Should there be any blemishes to the paint work, a touch-up repair kit is available.
BRIQUETTES
DO NOT WASH the briquettes. These can be cleaned by turning the burners on
‘high’ for 15 minutes or so to allow the fat to burn off. Heavily impregnated
briquettes should be turned over so the dirty side faces the burners, and burnt off in the
same way.
BURNERS
It is also recommended that the gas burners are removed from the barbecue at the
start of each season and cleaned. Simply unclip the rear underside of the burner
from the barbecue and lift them out. Use a stiff wire brush to remove any surface rust
and to keep the small ports (holes) free from debris. It is quite normal for surface rust
to appear on these cast-iron burners. When clean, shake off the debris from inside
the burner and replace in barbecue.
CLEANING AND
CARE OF YOUR
BARBECUE TROLLEY
WEATHERING
As part of the natural
weathering process the
timber may leach (bleed)
a dark red-brown sap.
During the leaching process,
leaving the trolley on untreated concrete or unsealed
tiled areas should be avoided. If staining does occur
it can be removed easily by scrubbing with warm soapy water.

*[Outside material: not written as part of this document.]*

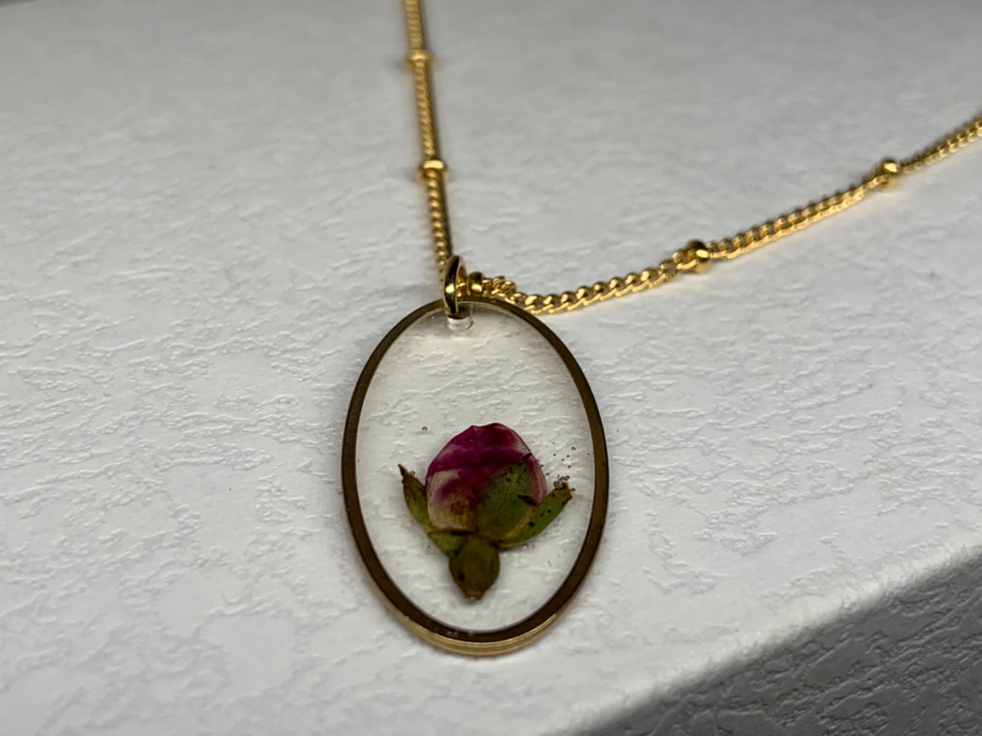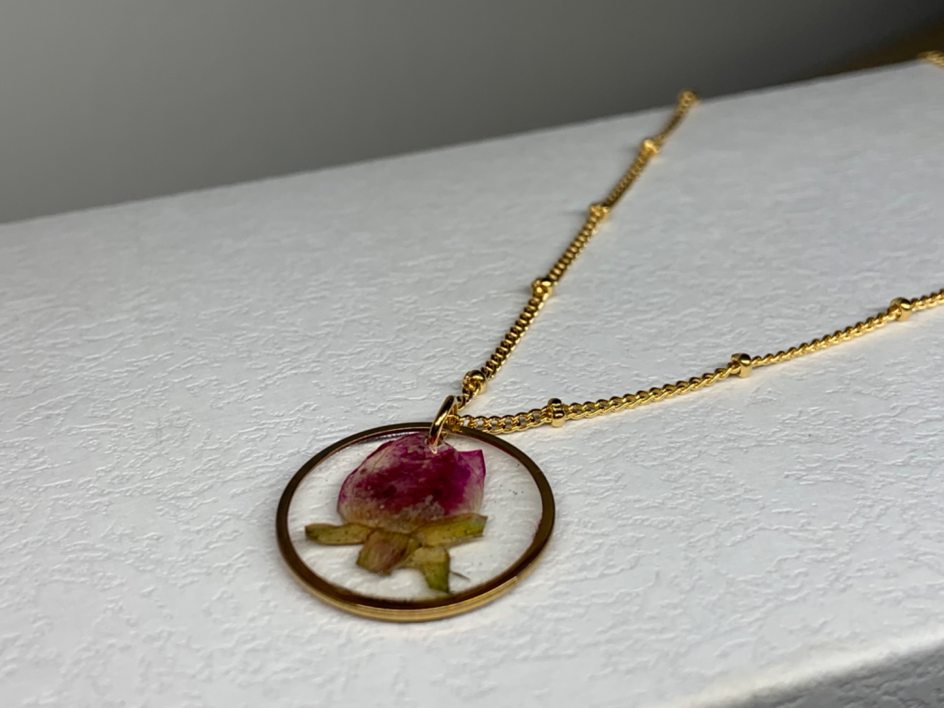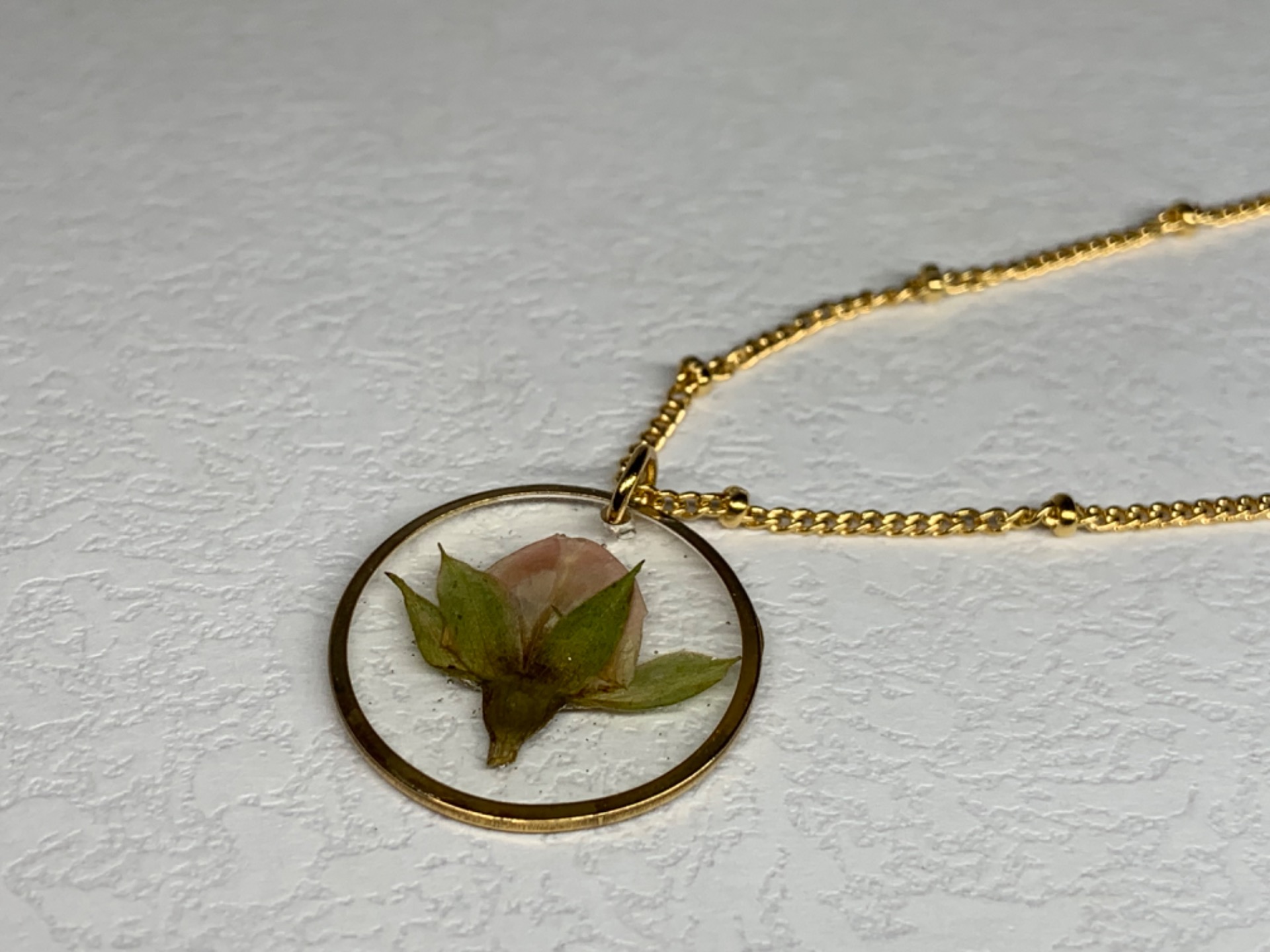 Hanger met mini gedroogd roosje, geplukt in Erembodegem.

The sun will also bleach out the stains over a longer period but using less ‘elbow grease’!
The period of weathering is unpredictable and is accelerated if the timber is wet.

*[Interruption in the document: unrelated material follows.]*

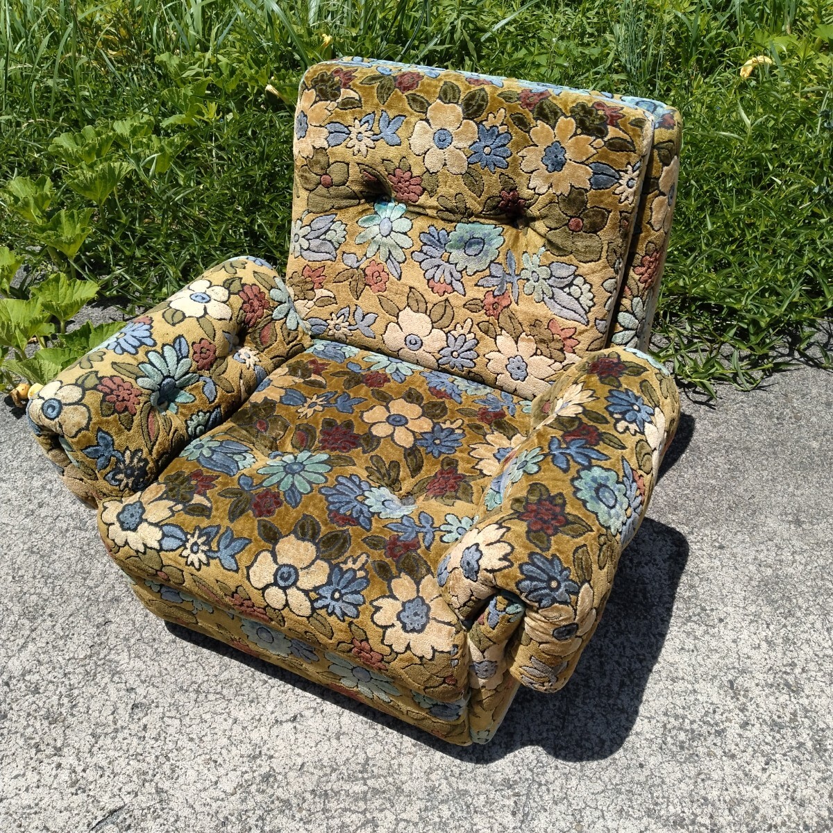 - 希少 昭和レトロ レトロポップ ソファー 1人掛け 花柄 当時物 蔵出し w880×d830×h740㎜ ②
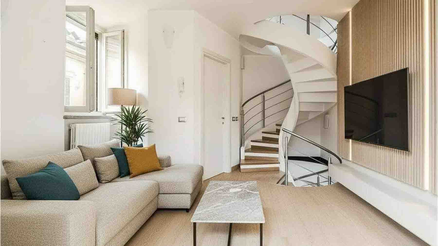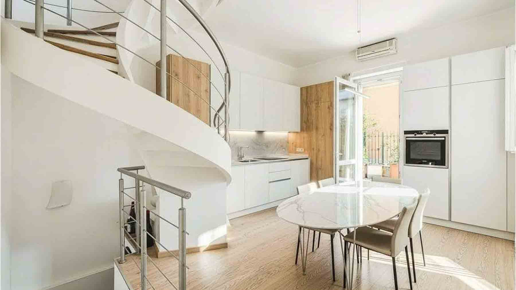 Tucked within the vibrant heart of Milan, this exquisite residence offers an oasis of sophistication and contemporary charm. Bathed in natural light, with the gentle whisper of city life just beyond its walls, this home is a sanctuary of modern elegance. Spanning 100 square meters, this luxurious apartment features three beautifully appointed rooms and two stylish bathrooms. The light-filled living space showcases a harmonious blend of comfort and design, with an L-shaped sofa adorned with vibrant cushions, a chic marble coffee table, and a touch of greenery from a potted plant. A spiral staircase gracefully ascends to the upper level, hinting at the home's multi-level allure. With a private garden and a spacious terrace, this property invites you to embrace the essence of urban living while enjoying serene outdoor retreats. Imagine unwinding on the terrace, where the gentle Milanese breeze carries the sounds of the city below, or strolling through your private garden, a tranquil retreat amidst the urban landscape. The inviting ambiance of this home promises unforgettable moments and a lifestyle of unparalleled comfort. In the prestigious landscape of luxury real estate, this apartment stands as a testament to refined living. It offers an exceptional blend of contemporary design and urban convenience—a truly unique opportunity in the heart of Milan.

After a period of time the leaching process ceases.
Initial care should be taken when the trolley is wet that clothing and other articles
that may stain are not rubbed against the timber.
TREATMENT
Your trolley is manufactured using timber from managed Malaysian forests. It is a
heavy hardwood and is ideal for outdoor use.
During the manufacturing process the timber has been treated with a wood
preserving oil. It is recommended that further annual applications are made with
teak oil, linseed oil or other wood preserving treatments.
FITTINGS
Each year it is recommended that all metal fixings on the trolley are checked
and tightened.
CLEANING
During normal use, grease and oil from food may splash onto the trolley. This can
be rubbed into the wood to provide additional protection.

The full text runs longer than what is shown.